This vignette provides a rigorous mathematical treatment of the A1 closed-form approximation used in the DPprior package for Gamma hyperprior elicitation. The A1 method transforms practitioner beliefs about the number of clusters $(\mu_K, \sigma^2_K)$ into Gamma hyperparameters $(a, b)$ via a Negative Binomial moment-matching procedure.

We cover:

The Poisson approximation for large $J$ and its theoretical foundations
Scaling constant selection: $\log J$ vs harmonic vs digamma
The Negative Binomial gamma mixture identity
The A1 inverse mapping (Theorem 1)
Error analysis and limitations of the approximation

Throughout, we carefully distinguish between established results from the literature and novel contributions of this work.
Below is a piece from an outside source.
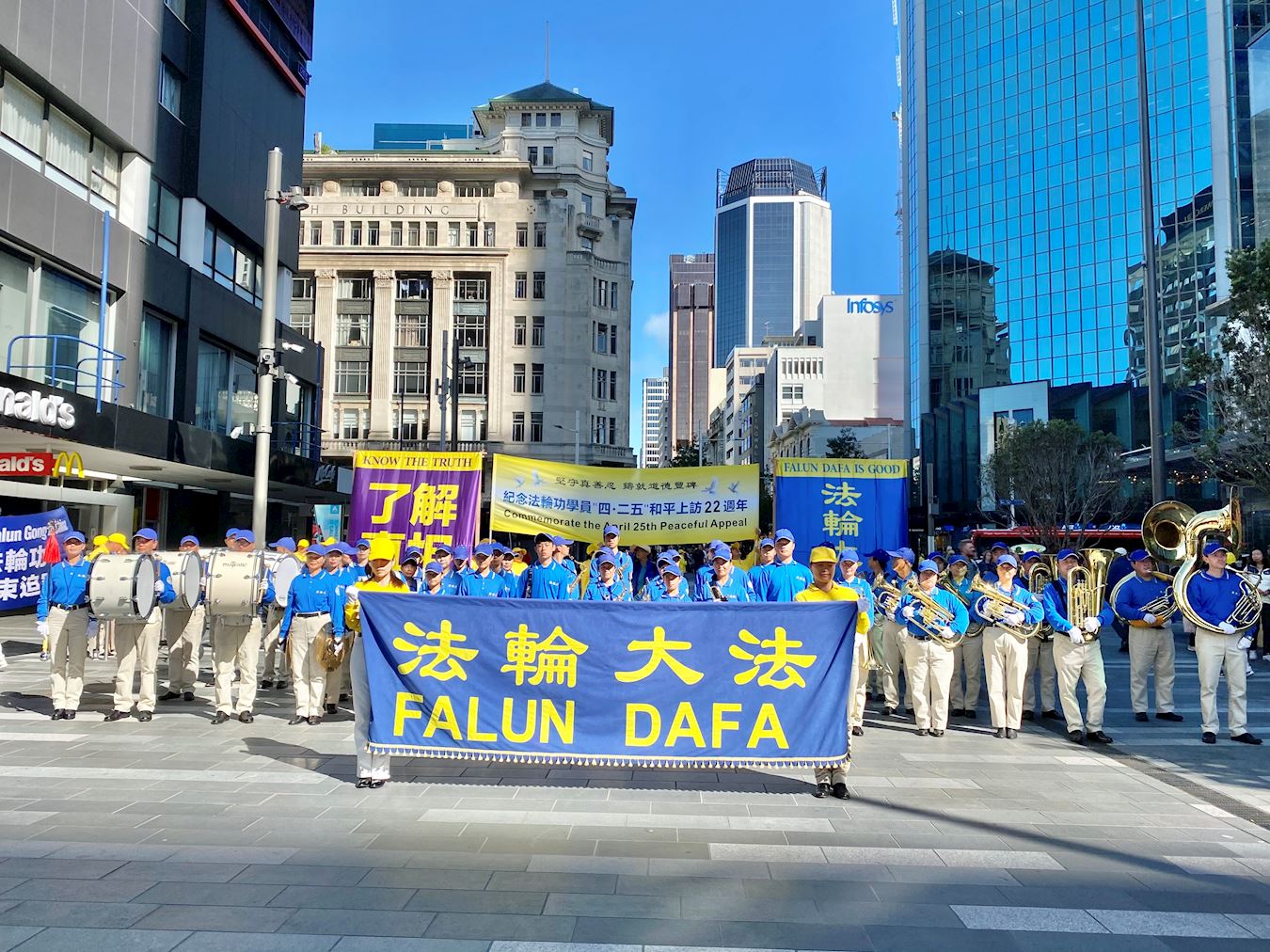 ![]() 图1:二零二一年四月十七日,奥克兰法轮功学员们在市中心伊丽莎白广场举办“纪念四二五和平上访二十二周年”集会。 |

1. The Poisson Approximation for Large J

1.1 Established Result: Poisson Convergence

The starting point for the A1 approximation is a classical result on the asymptotic distribution of $K_J | \alpha$ . Recall from the Poisson-Binomial representation (see vignette("theory-overview")) that: $K_J = \sum_{i=1}^{J} B_i, \quad B_i \sim \text{Bernoulli}\left(\frac{\alpha}{\alpha + i - 1}\right).$

Attribution. The following Poisson convergence result is established in Arratia, Barbour, and Tavaré (2000), with the rate explicitly stated in Vicentini and Jermyn (2025, Equation 10):

Theorem (Poisson Approximation). For fixed $\alpha > 0$ and $J \to \infty$ : $d_{TV}\left(p(K_J | \alpha),\ \text{Poisson}(\mathbb{E}[K_J | \alpha])\right) = O\left(\frac{1}{\log J}\right),$ where $d_{TV}$ denotes the total variation distance.

This convergence, while sublinear, provides the conceptual foundation for using a Poisson proxy in elicitation.
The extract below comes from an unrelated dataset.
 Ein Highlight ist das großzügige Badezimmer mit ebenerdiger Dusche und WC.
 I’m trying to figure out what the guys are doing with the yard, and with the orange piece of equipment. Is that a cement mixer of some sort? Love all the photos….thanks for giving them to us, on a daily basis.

1.2 The Shifted Poisson Proxy

Novel Contribution. A key insight motivating the DPprior approach is that we should apply the Poisson approximation to $K_J - 1$ rather than $K_J$ directly.

Rationale. Any unshifted Poisson approximation has an unavoidable support mismatch because $K_J \geq 1$ almost surely under the CRP (at least one cluster always exists). If $Q = \text{Poisson}(\lambda)$ , then: $d_{TV}(\mathcal{L}(K_J),\ Q) \geq \frac{1}{2}Q(0) = \frac{1}{2}e^{-\lambda}.$

For small $\lambda$ (which occurs when the elicited $\mathbb{E}[K_J]$ is close to 1), this creates a substantial lower bound on the approximation error.

The A1 proxy (shifted): $K_J - 1 \mid \alpha \approx \text{Poisson}(\alpha \cdot c_J),$ or equivalently $K_J \approx 1 + \text{Poisson}(\alpha \cdot c_J)$ .

This shift aligns naturally with Proposition 1 from the theory vignette, since $K_J - 1$ is a sum of $J-1$ independent Bernoulli variables ( $B_1 \equiv 1$ ).

# Visualize the CRP probabilities
J <- 50
alpha_values <- c(0.5, 1, 2, 5)

crp_data <- do.call(rbind, lapply(alpha_values, function(a) {
  i <- 1:J
  p_new <- a / (a + i - 1)
  data.frame(
    customer = i,
    prob_new_table = p_new,
    alpha = paste0("α = ", a)
  )
}))

crp_data$alpha <- factor(crp_data$alpha, levels = paste0("α = ", alpha_values))

ggplot(crp_data, aes(x = customer, y = prob_new_table, color = alpha)) +
  geom_line(linewidth = 1) +
  scale_color_manual(values = palette_main[1:4]) +
  labs(
    x = "Customer i",
    y = expression("P(new table) = " * alpha / (alpha + i - 1)),
    title = "CRP: Probability of Starting a New Table",
    subtitle = "The expected number of tables ≈ α · log(J)"
  ) +
  theme_minimal() +
  theme(legend.position = "right")

Intuition: The probability of opening a new table decreases as customers arrive.

1.3 Mean Approximation

The exact conditional mean is (see vignette("theory-overview")): $\mu_J(\alpha) := \mathbb{E}[K_J | \alpha] = \alpha \cdot [\psi(\alpha + J) - \psi(\alpha)].$

For the shifted mean: $\mathbb{E}[K_J - 1 | \alpha] = \mu_J(\alpha) - 1 \approx \alpha \cdot c_J,$ where $c_J$ is a scaling constant that we now analyze.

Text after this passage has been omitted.